Extracting Places, Dates, People, Organisations

spaCy has excellent pre-trained named-entity recognisers for a few different languages. You can test them out in this interactive demo. We don’t recommend that you try to train your own NER using spaCy, unless you have a lot of data and know what you are doing. Note that some spaCy models are highly case-sensitive.

Dates, Amounts of Money, Durations, Distances, Ordinals

The duckling library does a great job of turning expressions like “next Thursday at 8pm” into actual datetime objects that you can use, e.g.

"next Thursday at 8pm"
=> {"value":"2018-05-31T20:00:00.000+01:00"}

The list of supported languages can be found here. Duckling can also handle durations like “two hours”, amounts of money, distances, and ordinals. Fortunately, there is a duckling docker container ready to use, that you just need to spin up and connect to Rasa NLU (see DucklingHTTPExtractor).

Regular Expressions (regex)

You can use regular expressions to help the CRF model learn to recognize entities. In your training data (see Training Data Format) you can provide a list of regular expressions, each of which provides the CRFEntityExtractor with an extra binary feature, which says if the regex was found (1) or not (0).

For example, the names of German streets often end in strasse. By adding this as a regex, we are telling the model to pay attention to words ending this way, and will quickly learn to associate that with a location entity.

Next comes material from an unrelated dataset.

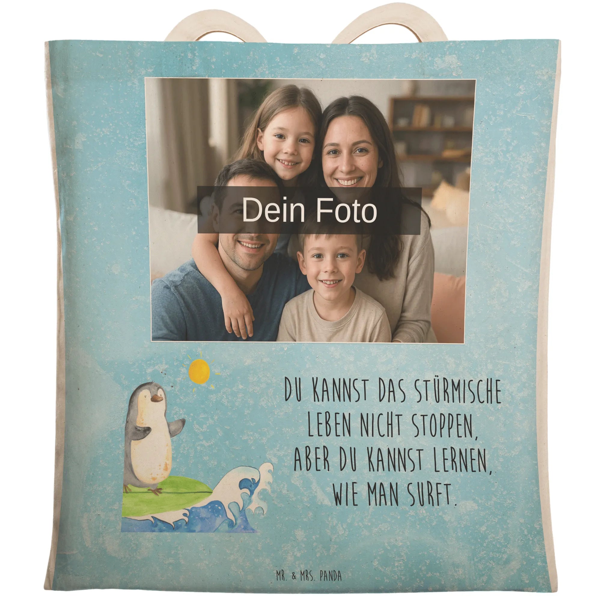 Personalisierte Foto Einkaufstasche Pinguin Surfer

If you just want to match regular expressions exactly, you can do this in your code, as a postprocessing step after receiving the response from Rasa NLU.

Passing Custom Features to CRFEntityExtractor

If you want to pass custom features to CRFEntityExtractor, you can create a Featurizer that provides ner_features. If you do, ner_features should be an iterable of len(tokens), where each entry is a vector. If CRFEntityExtractor finds "ner_features" in one of the arrays in features in the config, it will pass the ner_features vectors to sklearn_crfsuite. The simplest example of this is to pass word vectors as features, which you can do using :ref:SpacyFeaturizer.